Drake followed his old boss to the ledge, then took his place behind Ben and Dahl. One appraising glance saw everyone refreshed but edgy about what lay ahead.
“Four down,” Dahl said, and shuffled away across the ledge, mountain at his back.
The next niche was a surprise and gave them all a fortifying boost. It was the Tomb of Thor, son of Odin.
Parnevik was bleating as if he’d discovered a Yeti camped out in Death Valley. And, for him, he had. The Professor of Nordic mythology had located the Tomb of Thor, arguably the best known Nordic figure of all time thanks in part to Marvel comics.
Pure elation.
And for Drake, the presence of Thor suddenly made it all the more real.

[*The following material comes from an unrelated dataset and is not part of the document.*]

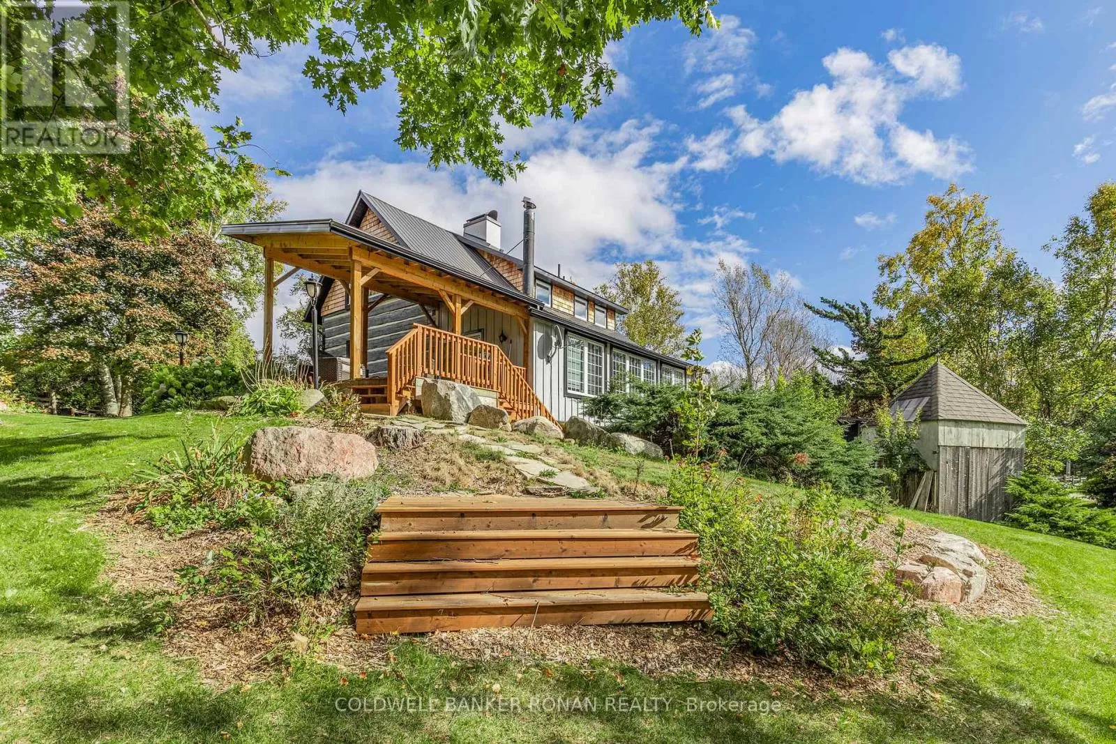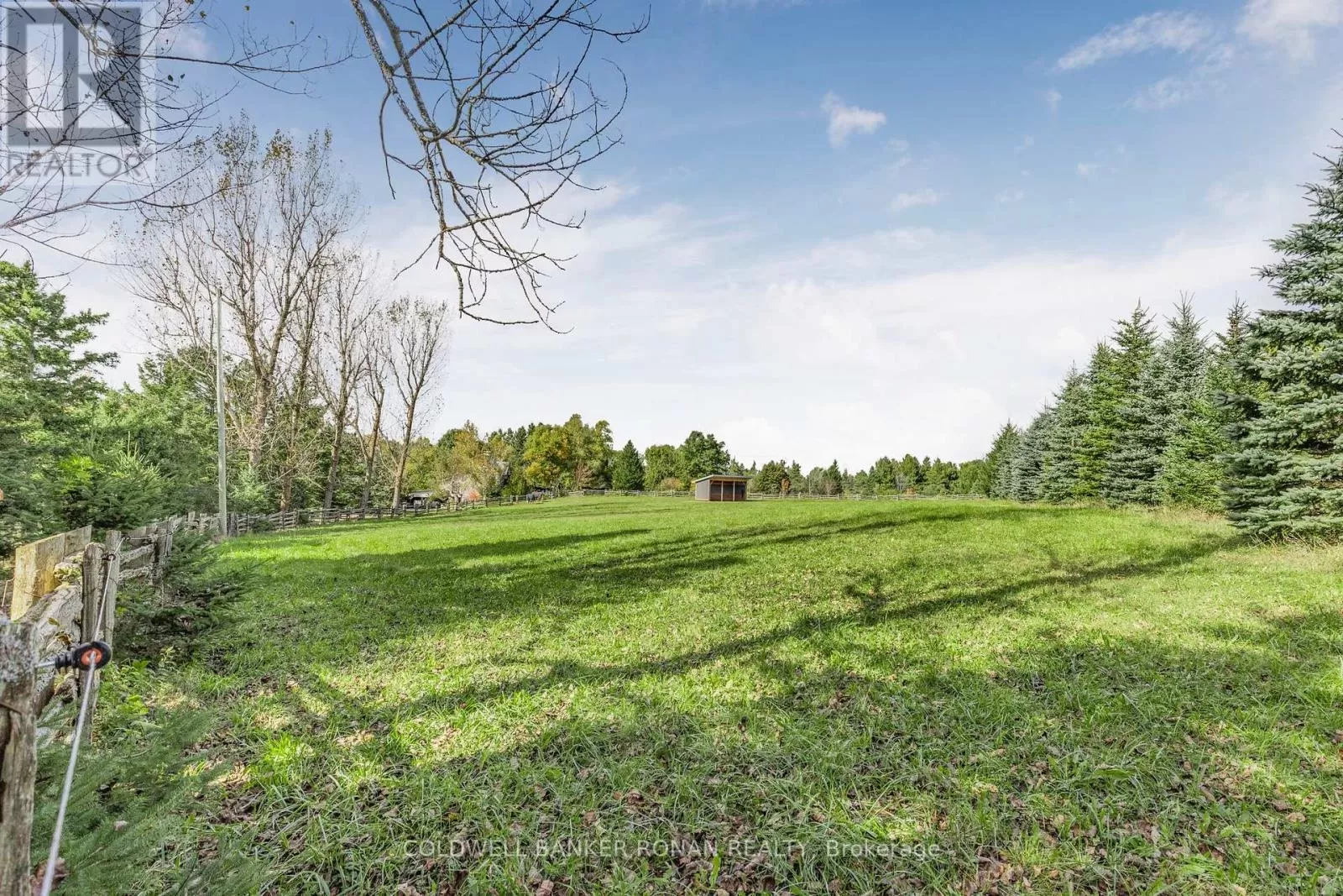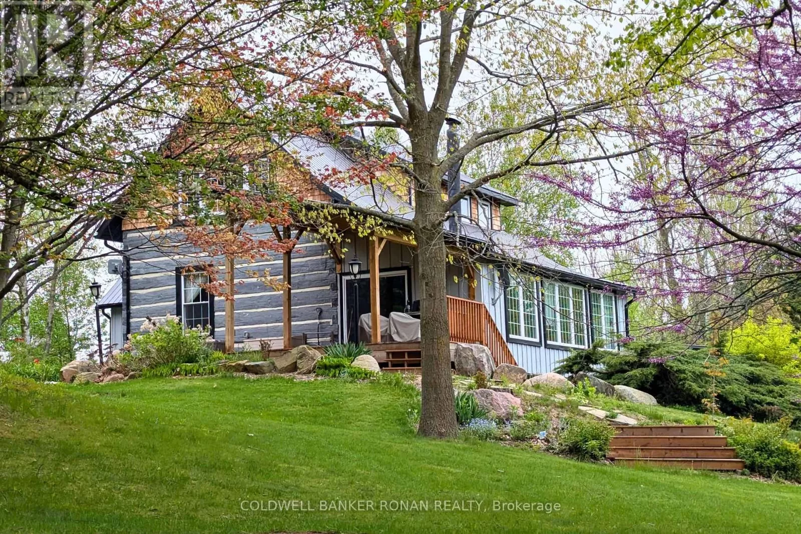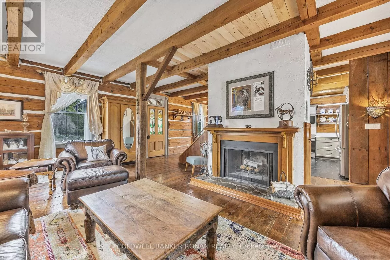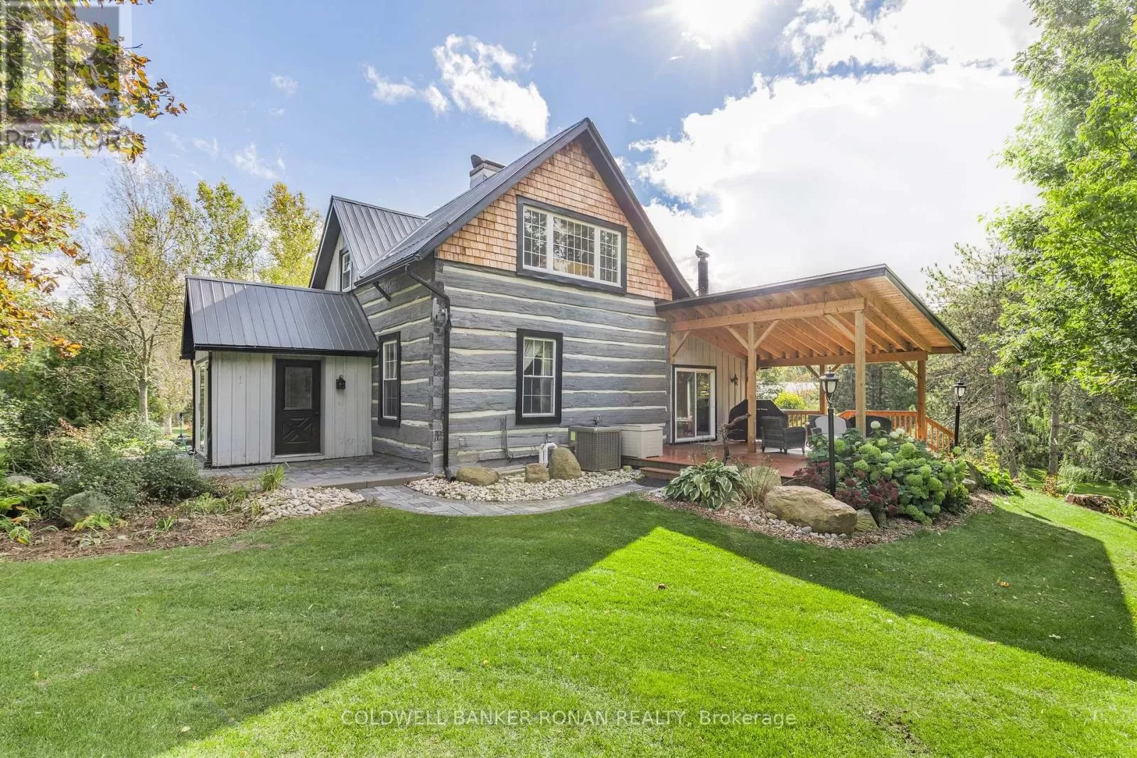 Highway 89 & 4th Line E Discover a blend of heritage and refined country living on this remarkable 44.89-acre estate, where timeless craftsmanship meets peaceful seclusion. Set at the end of a long, private driveway, this extraordinary property offers unmatched privacy, scenic beauty, and a lifestyle of elegance and purpose. At its heart is a stunning Ottawa Valley Log Home, handcrafted initially in the mid-1800s and thoughtfully relocated to its current site in 1976. The home has been beautifully updated while preserving its historic charm, creating a warm, inviting atmosphere that blends rustic character with modern comfort. Ideally suited for equestrian lovers, hobby farmers, or those dreaming of a wellness retreat, the property features three spacious paddocks and a 70' x 150' indoor riding arena with an adjacent heated workshop and three 12' x 12' soft-stall horse stalls providing everything needed for year-round training, events, or personalized care. A classic bank barn and large driveshed both add additional storage and flexibility. The grounds are equally captivating, with rolling trails, mature trees, and open meadows that invite exploration and serenity. A private trout pond adds to the picturesque setting, ideal for moments of reflection or scenic enjoyment from the home's vantage point. Whether your vision includes a tranquil retreat, sustainable farm life, or a luxurious escape from city living, this property delivers the perfect canvas. It's not just a home, it's a rare opportunity to own a piece of Canadian history in a setting that embodies privacy, beauty, and rural sophistication. (id:27476)

There was a respectful silence. Everyone knew of Thor, or at least some incarnation of the Viking God of thunder and lightning. Parnevik lectured about Thorsday, or as we now know it — Thursday. This interlaced with Wednesday — or Wodensday, or Odinsday. Thor was the greatest warrior-god known to man, a hammer-wielding, enemy-felling tour de force. The pure epitome of Viking manhood.
It was all they could do to drag Parnevik away and stop him from trying to examine Thor’s bones there and then. The next niche, the sixth, contained Loki, the brother of Thor and another of Odin’s sons.